Gladiatrices ou impératrices éperdues d'amour pour les héroïques combattants de l'arène: univers viril par excellence, le Colisée s'est conjugué au féminin, jeudi à Rome, pour la Journée du 8 mars, avec des visites spécialement consacrées à ces figures méconnues de l'Antiquité.

Pour qui Eppia, femme de sénateur, est-elle partie en Égypte? Pour qui a-t-elle «laissé ses enfants dans les pleurs?», s'interroge le poète latin Juvénal dans l'une de ses célèbres Satires. Pour Sergiolus: «bras cassé, grosse bosse en plein nez, oeil chassieux»... mais gladiateur!

À l'occasion de cette visite exceptionnelle, une comédienne, campée dans l'arène, déclame le texte où le satiriste témoigne avec férocité - jalousie? - du phénoménal attrait des gladiateurs aux yeux des femmes.

«Le fer, voilà ce qu'elles aiment!» s'énerve-t-il.

«Des femmes de sénateurs ou femmes de plus basse extraction, beaucoup étaient folles des gladiateurs. C'étaient des figures connues, comme les footballeurs aujourd'hui», explique Lucilla Rossi, qui mène cette visite sur les femmes aux temps du Colisée devant un public exclusivement féminin.

Mais, tempère-t-elle, «ce que l'on possède comme référence écrite de cette époque, ce ne sont que des récits d'hommes. Ils sont très critiques sur les femmes, sur leurs comportements, leurs sentiments, surtout quand elles se détachent des stéréotypes de la matrone romaine. Ce n'est pas vraiment impartial!»

Autre victime de ces médisances? Faustine la Jeune, qui aurait trompé son empereur de mari, Marc-Aurèle, avec des gladiateurs, selon l'Histoire Auguste.

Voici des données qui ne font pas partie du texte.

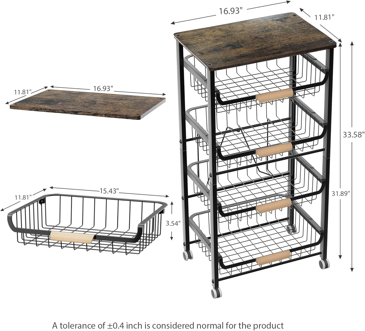 - 【Space-Saving Fruit Kitchen Basket】This dimension of Morden Fruit organizer is 11.81" LX 16.93" WX 33.58" H, very suitable for small place. The kitchen cart with wheels can make your place more tidy and comfortable

D'une de ces unions adultères serait né Commode, empereur cruel et sanguinaire (de 161 à 192) qui se plaisait à descendre lui-même combattre hommes et fauves. Mais dans cette affaire, les historiens auraient semble-t-il plutôt cherché à attaquer l'image de l'empereur plutôt que la vertu de Faustine...

Et dans cet univers de sang, de sable et de larmes, les femmes combattaient-elles elles-mêmes? «La thèse est controversée», reconnaît Lucilla Rossi,  mais de «nombreuses sources fiables en font état». Une mosaïque présentée au Colisée représente deux personnages - deux femmes? - traînant un animal, les armes à la main.

D'autres sources témoignent de l'existence de gladiatrices: Suétone évoque des spectacles nocturnes de combats de gladiatrices, le Satyricon de Pétrone mentionne une femme sur un char combattant des hommes...

«Mais c'était très limité», affirme la directrice du Colisée, Rossella Rea. «Plutôt un spectacle d'entr'acte, un spectacle de niche», dit-elle.

«L'effet de surprise, le spectaculaire étaient très recherchés», ajoute Mme Rossi. «Il y avait des animaux extraordinaires, comme des hippopotames ou des girafes, et des combats hors du commun comme des femmes contre des nains...»

Malgré ces comparaisons peu flatteuses, les visiteuses passionnées d'art et de culture ont apprécié. D'autant que pour cette visite, l'accès était ouvert à des espaces d'accès restreint, tels l'arène ou les étages supérieurs de l'amphithéâtre.

De plus, en ce 8 mars, l'entrée du Colisée, comme celles des autres monuments de Rome, était gratuite pour les femmes.